Politique migratoire : mettre fin à la migration irrégulière et réduire les coûts
Le programme de l'Union met fortement l'accent sur la révision des politiques migratoires de l'Allemagne afin de réduire les dépenses de l'État. L'une des propositions les plus importantes est la suppression de argent citoyen Les réfugiés ukrainiens nouvellement arrivés recevront des aides sociales moins importantes en vertu de la loi sur les prestations pour les demandeurs d'asile. Pour équilibrer cette politique, Merz s'est engagé à accorder aux réfugiés ukrainiens un accès immédiat au marché du travail et à accélérer la reconnaissance de leurs qualifications professionnelles.

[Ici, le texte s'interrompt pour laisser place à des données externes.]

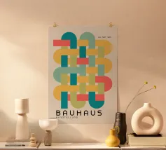 Una varietà di linee spesse e sottili si incrociano e si sovrappongono su uno sfondo chiaro, creando un disegno intricato. Segmenti colorati nei toni del blu, del verde, del giallo e del viola aggiungono un vibrante contrasto alle linee nere.
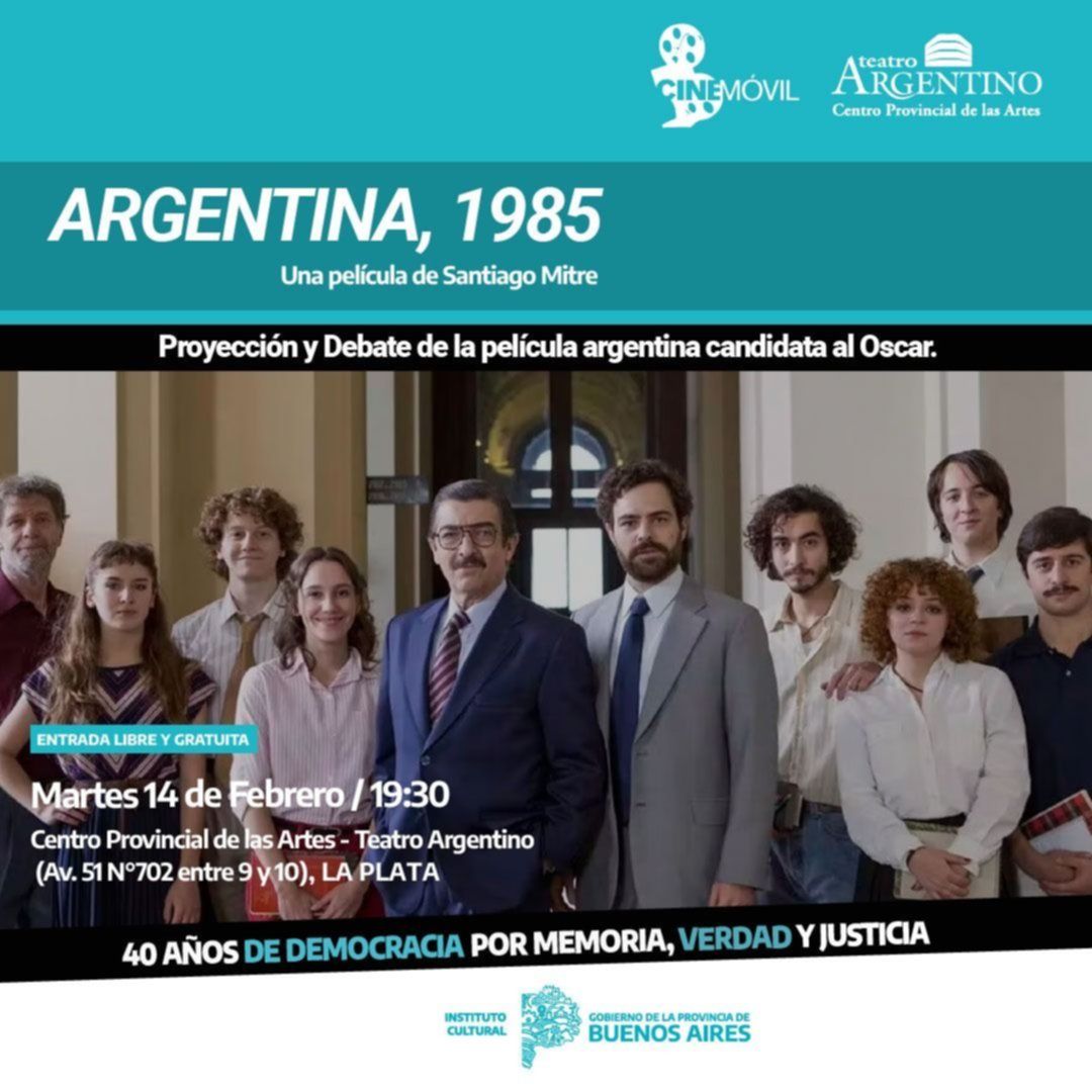 A través del ciclo Cinemóvil, el Instituto Cultural de la provincia de Buenos Aires y el Instituto Nacional de Cine y Artes Audiovisuales (INCAA) proyectarán la película nominada al Oscar "Argentina, 1985" en el Centro Provincial de las Artes Teatro Argentino de La Plata, ubicado 51 entre 9 y 10. Será este martes desde las 19.30, con entrada libre y gratuita y una vez finalizado el largometraje se llevará cabo una instancia de charla y debate con los asistentes.

« Nous leur accordons immédiatement des permis de travail et soutenons une reconnaissance plus rapide de leurs compétences », a déclaré Merz, soulignant les contributions économiques potentielles des réfugiés ukrainiens.
Le chef de file de la CDU a également appelé à un renforcement des contrôles aux frontières allemandes et à une coordination européenne des efforts pour gérer les flux migratoires. Le programme comprend des propositions visant à refouler les migrants illégaux aux frontières et à gérer l'afflux de personnes en provenance de Syrie. Merz a suggéré que les Syriens qui ne souhaitent pas s'intégrer devraient rentrer chez eux si leur statut de protection expire, soulignant que les expulsions vers la Syrie doivent devenir possibles à l'avenir.
Aborder le paysage politique et financier
Merz a réitéré que, s'il était élu, l'Union procéderait à un examen complet des finances de l'Allemagne pour déterminer où de nouvelles économies pourraient être réalisées. Il a fait valoir que les dépenses sociales incontrôlées et l'immigration irrégulière représentent un fardeau financier insoutenable pour le budget fédéral. Le programme vise également à mettre fin à l'immigration irrégulière en Allemagne, faisant de la politique d'asile une pierre angulaire de la campagne de l'Union.
Si les propositions de Merz ont suscité un large débat, l'Union soutient que la réforme des politiques sociales et migratoires est essentielle pour équilibrer le budget et restaurer la compétitivité économique. La stratégie du parti s'éloigne clairement des politiques de l'ère Merkel, notamment dans le domaine migratoire.
Permis de travail immédiats et perspectives d'avenir
L'approche adoptée par l'Union européenne à l'égard des réfugiés ukrainiens marque un tournant dans la direction d'une intégration plus rapide des demandeurs d'asile sur le marché du travail. En autorisant la délivrance immédiate de permis de travail et la reconnaissance accélérée des qualifications, Merz estime que l'Allemagne peut bénéficier d'une main d'œuvre qualifiée tout en réduisant sa dépendance aux prestations sociales. Cette mesure, a-t-il soutenu, aiderait les réfugiés à devenir autonomes et à contribuer à l'économie plutôt que de dépendre des aides de l'État.
Défis et incertitudes dans les perspectives de coalition
Malgré le caractère ambitieux du programme de l'Union, des questions subsistent quant à sa viabilité dans un gouvernement de coalition. Les analystes soulignent que la mise en œuvre de politiques d'asile strictes et de réformes de la protection sociale pourrait se heurter à la résistance de partenaires potentiels de coalition, tels que les Verts ou le SPD. Néanmoins, la CDU et la CSU présentent leurs propositions comme des étapes décisives pour relever les défis économiques et financiers de l'Allemagne.
En combinant baisses d'impôts, réformes de la protection sociale et politiques migratoires plus strictes, l'Union entend mettre en place un plan global de revitalisation économique. Merz a souligné que la croissance économique, la compétitivité et des dépenses responsables sont essentielles pour assurer l'avenir de l'Allemagne.